%%

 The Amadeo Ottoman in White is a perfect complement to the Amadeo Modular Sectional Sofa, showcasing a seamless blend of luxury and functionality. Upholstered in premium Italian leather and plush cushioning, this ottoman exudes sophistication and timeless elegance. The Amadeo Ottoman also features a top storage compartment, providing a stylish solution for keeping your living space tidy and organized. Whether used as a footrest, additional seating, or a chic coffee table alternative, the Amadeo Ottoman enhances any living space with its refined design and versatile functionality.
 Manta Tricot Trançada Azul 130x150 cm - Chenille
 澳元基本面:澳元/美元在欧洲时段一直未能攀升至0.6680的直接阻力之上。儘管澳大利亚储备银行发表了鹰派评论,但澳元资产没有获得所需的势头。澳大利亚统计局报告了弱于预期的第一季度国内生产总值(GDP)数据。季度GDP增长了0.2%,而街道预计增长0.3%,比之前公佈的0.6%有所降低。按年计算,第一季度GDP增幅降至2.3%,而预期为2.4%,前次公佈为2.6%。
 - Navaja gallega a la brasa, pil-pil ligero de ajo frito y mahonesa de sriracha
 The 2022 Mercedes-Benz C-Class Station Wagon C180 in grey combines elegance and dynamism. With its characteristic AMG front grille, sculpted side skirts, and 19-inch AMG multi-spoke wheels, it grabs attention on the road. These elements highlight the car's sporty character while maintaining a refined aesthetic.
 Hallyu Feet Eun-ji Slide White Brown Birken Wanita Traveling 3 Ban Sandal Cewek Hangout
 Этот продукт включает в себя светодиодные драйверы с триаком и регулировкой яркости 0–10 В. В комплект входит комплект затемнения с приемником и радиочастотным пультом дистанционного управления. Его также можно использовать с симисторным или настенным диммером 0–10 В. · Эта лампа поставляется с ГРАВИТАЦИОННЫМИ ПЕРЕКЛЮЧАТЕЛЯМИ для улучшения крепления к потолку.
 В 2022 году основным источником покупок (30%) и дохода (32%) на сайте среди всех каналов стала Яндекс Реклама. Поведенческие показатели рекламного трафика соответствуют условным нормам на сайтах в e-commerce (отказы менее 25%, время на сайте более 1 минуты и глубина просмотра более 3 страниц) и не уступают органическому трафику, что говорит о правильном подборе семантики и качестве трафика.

%%

* _TASK INSTRUCTIONS_
Using the entries above, restate word for word every line from the one that contains "澳元基本面:澳元/美元在欧洲" through the last.

* _TASK RESPONSE_
 澳元基本面:澳元/美元在欧洲时段一直未能攀升至0.6680的直接阻力之上。儘管澳大利亚储备银行发表了鹰派评论,但澳元资产没有获得所需的势头。澳大利亚统计局报告了弱于预期的第一季度国内生产总值(GDP)数据。季度GDP增长了0.2%,而街道预计增长0.3%,比之前公佈的0.6%有所降低。按年计算,第一季度GDP增幅降至2.3%,而预期为2.4%,前次公佈为2.6%。
 - Navaja gallega a la brasa, pil-pil ligero de ajo frito y mahonesa de sriracha
 The 2022 Mercedes-Benz C-Class Station Wagon C180 in grey combines elegance and dynamism. With its characteristic AMG front grille, sculpted side skirts, and 19-inch AMG multi-spoke wheels, it grabs attention on the road. These elements highlight the car's sporty character while maintaining a refined aesthetic.
 Hallyu Feet Eun-ji Slide White Brown Birken Wanita Traveling 3 Ban Sandal Cewek Hangout
 Этот продукт включает в себя светодиодные драйверы с триаком и регулировкой яркости 0–10 В. В комплект входит комплект затемнения с приемником и радиочастотным пультом дистанционного управления. Его также можно использовать с симисторным или настенным диммером 0–10 В. · Эта лампа поставляется с ГРАВИТАЦИОННЫМИ ПЕРЕКЛЮЧАТЕЛЯМИ для улучшения крепления к потолку.
 В 2022 году основным источником покупок (30%) и дохода (32%) на сайте среди всех каналов стала Яндекс Реклама. Поведенческие показатели рекламного трафика соответствуют условным нормам на сайтах в e-commerce (отказы менее 25%, время на сайте более 1 минуты и глубина просмотра более 3 страниц) и не уступают органическому трафику, что говорит о правильном подборе семантики и качестве трафика.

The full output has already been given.